I didn’t mention that I’d started growing breasts at eleven. I liked that we weren’t talking about my body. I’d had too many conversations that went, “I have intersex traits,”…“Oh, what kind of junk did you get?” Coming out as a person with intersex traits—not a reason to ask me about my genitals. But Tucker got that. She hadn’t asked.
I played with her index finger, rubbing it between my finger and thumb as I talked. She had a callus on the outer edge. I liked the contrast of the soft side of her finger and the hard thickness of the callus.
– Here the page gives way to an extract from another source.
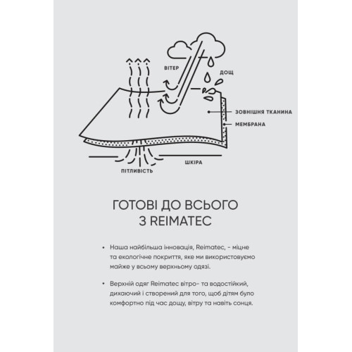 • Полная совместимость с многослойной одеждой Reima через систему кнопок Zip-in.

“The boy pressure started to get scary,” I said. “We fought when we were little, the boys in the neighborhood, and we talked about fighting all the time: endlessly rehashing whether our group could take some other group of kids. A new guy would come along and we’d spend days talking about who could kick whose ass. Or which superhero could beat another, which sports team kicked another team’s ass, you get the idea. And all the rest of the time was about girls. I liked girls, but I didn’t want to spend all that time talking about them. I’d rather talk to them and I figured maybe I’d rather be one.
“Mom put me in a junior high away from my elementary school and I went as a girl. I did slightly better as a girl than as a boy. I’m better at seeing the emotional stuff people are trying to pull than acting tough. I got in with a decent clique of smart girls and had a pretty good time in junior high. But first year of high school sucked. I had to dress girly and do makeup and all that because with my shoulders, and the muscles in my legs from dancing, and the way my cheekbones look in harsh light, if I’m not careful I don’t get read as a girl.”